For the rest of the maintenance schedule for the 2013 Cruze, take a look at the Service and Maintenance section in the 2013 Cruze Owners' Manual. Regardless of what you get, get familiar with the maintenance schedule for your car. Some dealerships are very pushy about doing "additional required" maintenance to "prevent the warranty from being voided". If you get one of them, run, don't walk, to another dealership.


----------



## nodule (Apr 26, 2013)

Obermd, You absolutely right about ignoring the maintenance schedule for tire rotations. Ive had many conversations with the folks at Tire Rack. Tire wear is always greater initially, in the beginning, so the first two rotations should be a 3000K, than move to 5000K for the life of the tires. Too many folks never follow this rule and rotate at 7500K or 8000K...BIG mistake. I am very fortunate to have a GREAT chevy dealer and KIA dealer within 5 miles of my home, both of which are noted for great, honest service departments! I guess one of the advantages of living in central NJ.


----------



## sciphi (Aug 26, 2011)

The 1.4T uses a timing chain. I'd expect it to be a truly lifetime part as long as oil changes are kept up on. For the transmission, it's a good idea to drain and fill every 30-45k miles. Doing so will ensure a long life. Most folks ignore their transmissions until they fail. GM says it's "lifetime" filled. I choose to interpret that as lifetime of the powertrain warranty. The severe service schedule does indicate changing ATF every 47.5k miles, the same time the air filter needs changing. Most folks drive under severe service, so change it just like you're doing now. 
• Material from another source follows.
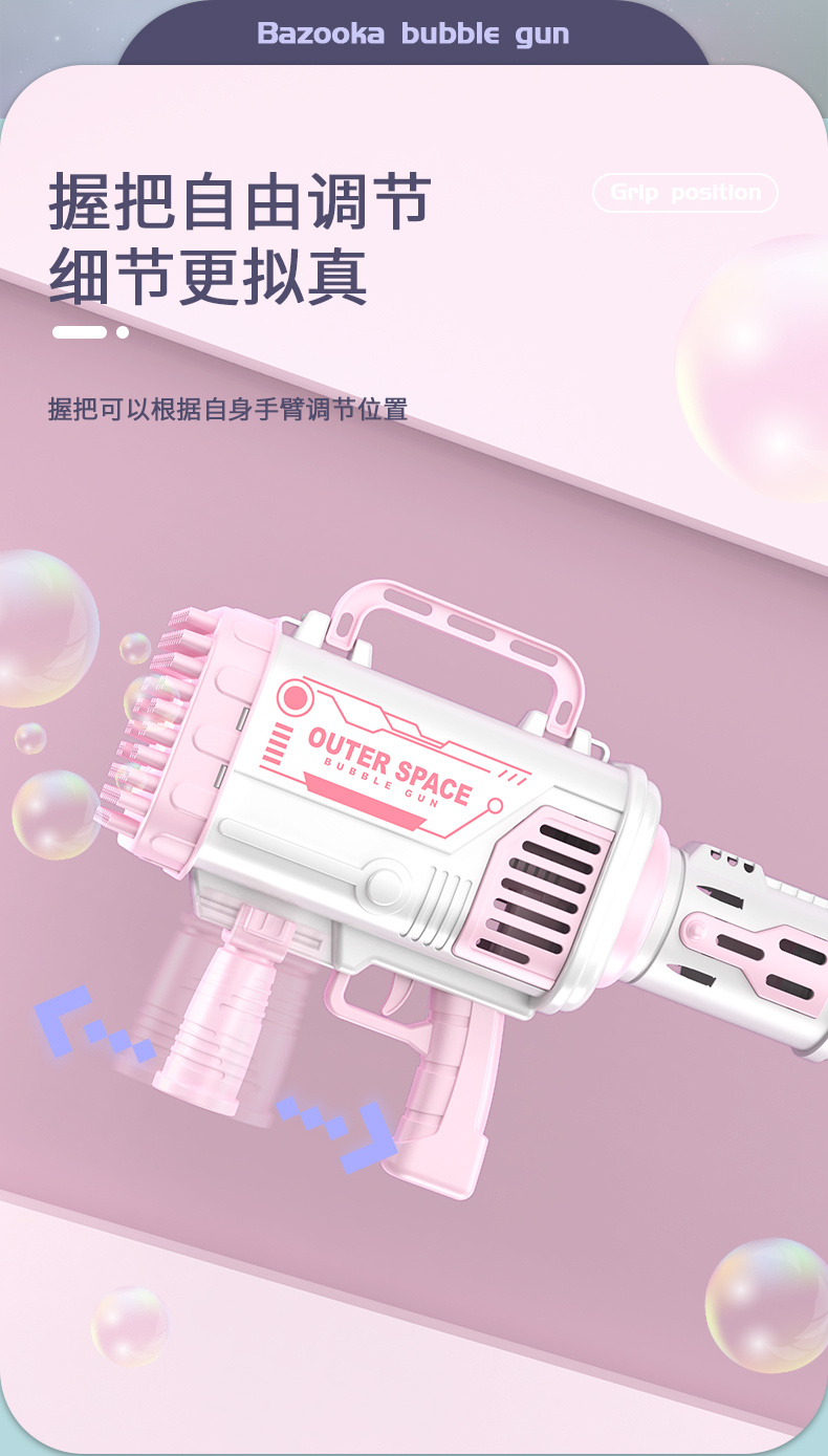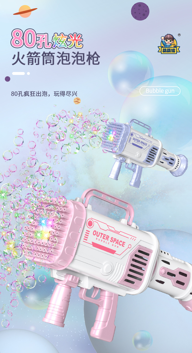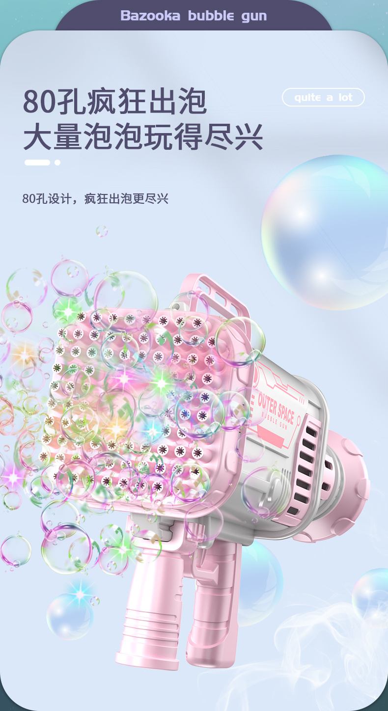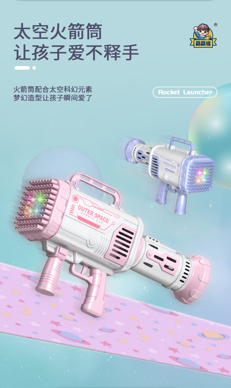80孔灯光版少女粉太空火箭筒泡泡枪(锂电充电池)

Since you have good dealers nearby, it's really up to you to decide which is the better car for you.


----------



## XtremeRevolution (Jan 19, 2012)

nodule said:


> XR,
> 
> I apologize, I didnt realize you have sat and driven the new 2014 Forte. And your perception is incorrect. I am NOT leaning one way or another....yet. I will be deciding
> within the next few weeks.
> ...


Thank you for clarifying; it's nice to know that you're objective about it.

Perhaps I should have been more clear. I don't take any stake in professional reviews, which is why I haven't posted any personally. They are often biased, as many paid publications are. Unfortunately, many are heavily biased in favor of imports. The best indicator for me is the people who actually own it. What do they have to say about it, and what experience do they have with other cars? The review I wrote on my site about the Cruze is a tad biased, but mostly factual. I do favor the Cruze, so it's difficult to be completely objective about it, but nothing I said in my review is false, and you have to admit it is a very thorough review. 
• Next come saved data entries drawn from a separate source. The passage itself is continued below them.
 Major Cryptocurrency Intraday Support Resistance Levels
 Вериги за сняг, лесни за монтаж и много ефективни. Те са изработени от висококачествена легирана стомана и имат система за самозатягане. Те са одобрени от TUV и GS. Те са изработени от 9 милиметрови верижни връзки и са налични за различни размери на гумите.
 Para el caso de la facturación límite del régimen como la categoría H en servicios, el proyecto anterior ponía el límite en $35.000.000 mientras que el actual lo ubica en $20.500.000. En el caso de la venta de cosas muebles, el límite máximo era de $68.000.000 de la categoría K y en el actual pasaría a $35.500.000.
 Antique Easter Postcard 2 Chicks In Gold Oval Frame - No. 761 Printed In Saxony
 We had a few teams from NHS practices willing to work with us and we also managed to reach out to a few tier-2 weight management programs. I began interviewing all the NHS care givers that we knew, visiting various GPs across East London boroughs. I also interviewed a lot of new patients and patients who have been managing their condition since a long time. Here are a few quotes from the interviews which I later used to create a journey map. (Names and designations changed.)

What are the cons to the 2013 Cruze? I'm assuming you asked for my opinion. Here's what I'd point out. 

- Cost. Certainly, it's not as cheap as a Kia. 
- Winter heat. The 1.4L Turbo takes a while to warm up, partially due to how efficiently it runs, and also due to how little friction there is on those piston rings. That said, the only people who really complain about it are people who have sub-5 minute commutes. Consider that this is going to be a an issue with all tiny engines that simply do not burn enough fuel to heat up in the winter. Once you get the car up to speed though, it warms up much more quickly. 
- Performance. This isn't really a con, but it's something worth noting because it's different. The Cruze is not a 1/4 mile racer. However, it was specifically engineered for in-town power. Most other manufacturers can't wrap their heads around the fact that most people don't care what the car's horsepower rating is once you wind it up near redline. We want it to be practical around town, and in that regard, the 1.4L Turbo makes 100% of the 148lb-ft of torque it is rated for at 1850RPM. Compare that to the 125lb-ft or so of torque in the Forte's engine, which is produced way up top. If you are expecting a 1/4 mile racer, the Cruze is not one, but it is far more practical around town. 
- Oil changes. We highly recommend full synthetic, which is more expensive. The upside to this, however, is that you can usually go 8000-9000 miles on one oil change. I believe this answers one of your questions.
- No lumbar adjustment on the seats. 
- Manual transmission fluid from the factory is junk. 

That's about all I can think of. There really is very little wrong with this car. It's safe, it gets excellent fuel economy, it makes great power around town, it is smoother than any other car I've ever driven, it's so roomy that it's interior volume technically classifies it a midsize car, and so forth. 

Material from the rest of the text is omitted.